The DataPlane resource is the same as above.

1
2
3
4
5
6
7
8
9
10
11
12
13
14
15
16
17
18
19
20
21
22
apiVersion: gateway-operator.konghq.com/v1beta1
kind: DataPlane
metadata:
  name: dataplane-example
  namespace: kong
spec:
  network:
    services:
      ingress:
        type: LoadBalancer
        annotations:
          metallb.universe.tf/loadBalancerIPs: 192.168.18.150
  deployment:
    replicas: 1
    podTemplateSpec:
      spec:
        containers:
        - name: proxy
          image: kong:3.5
          env:
          - name: KONG_ROUTER_FLAVOR
            value: expressions

Summary

In addition to using Helm, the Kong Gateway Operator is a valuable tool for managing your Kong deployment.

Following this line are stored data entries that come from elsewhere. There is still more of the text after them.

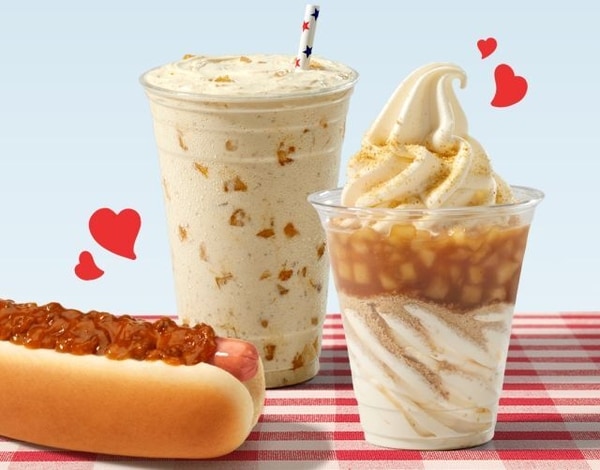 The menu starts off with the Apple Pie Shake, which boasts a base of Tastee Freez vanilla soft serve blended with cinnamon-spiced apple and a graham cracker crumble. The Apple Pie Sundae, on the other hand, features soft serve topped with cinnamon-spiced apples and graham cracker crumbles for a different kind of taste and texture.
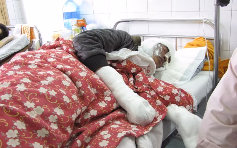 | Bác sỹ Nguyễn Thống, trưởng khoa Bỏng, Bệnh viện Xanh Pôn xác nhận, 3 nạn nhân nhập viện trong tình trạng sốc bỏng. Hiện hai nạn nhân đang trong tình trạng nguy kịch, một người bị bỏng diện tích lên tới 60%, một người bỏng 35%, người còn lại bỏng 25% cơ thể. Bệnh viện đang thực hiện cấp cứu bằng phương pháp giảm đau và chống sốc. |
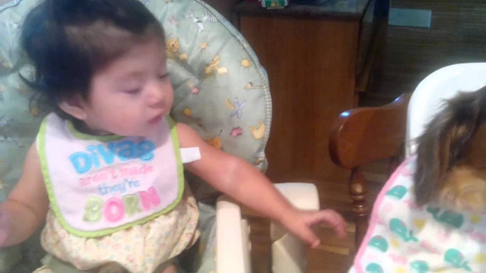 Adorable Dachshund Joins Baby Sister For Baby Food!
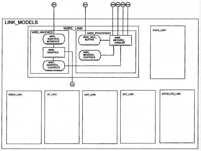 As all of the above models are brought together, the DIOPT Simulation, running in the General Simulation System and GSS Run-Time Graphics system environment is illustrated in Figure 2. Multiple equipment types are linked in this example network, along with intruders and instruments measuring various measures of performance. Having discussed a typical run-time simulation graphic view and the top-level model structure in Figures 2 and 4, respectively, subordinate model layers are presented in the following sections.

It excels when you’re committed to leveraging the Gateway API and need to deploy multiple gateways, each responsible for managing ingress and egress for different namespaces or different listeners.

However, I believe there are several limitations to consider.

  • It only works when Kong is running in DBless mode.
  • if you only need a simple deployment as an entry point of your cluster, I’m not convinced it offers significant additional value compared to using Helm.
  • While the learning curve is not steep, you still need to familiarize yourself with new CRDs and the new CRDs does not provide much convenience and relies on podTemplateSpec heavily.
  • As the product is still in its early stages, some features are currently missing – for instance, the proxy service name is randomly generated and cannot be overridden.

Ultimately, you may find yourself deciding between using Helm or this tool. If you’re on board with the new Gateway API and don’t require Kong to run with a DB, which provides additional features like admin API and Kong Manager, KGO might be the better choice. If you need to deploy multiple Kong instances on your cluster, KGO is recommended. In all other cases, I think helm is a better choice at the moment.

That’s all I want to share with you today, see you on the next one.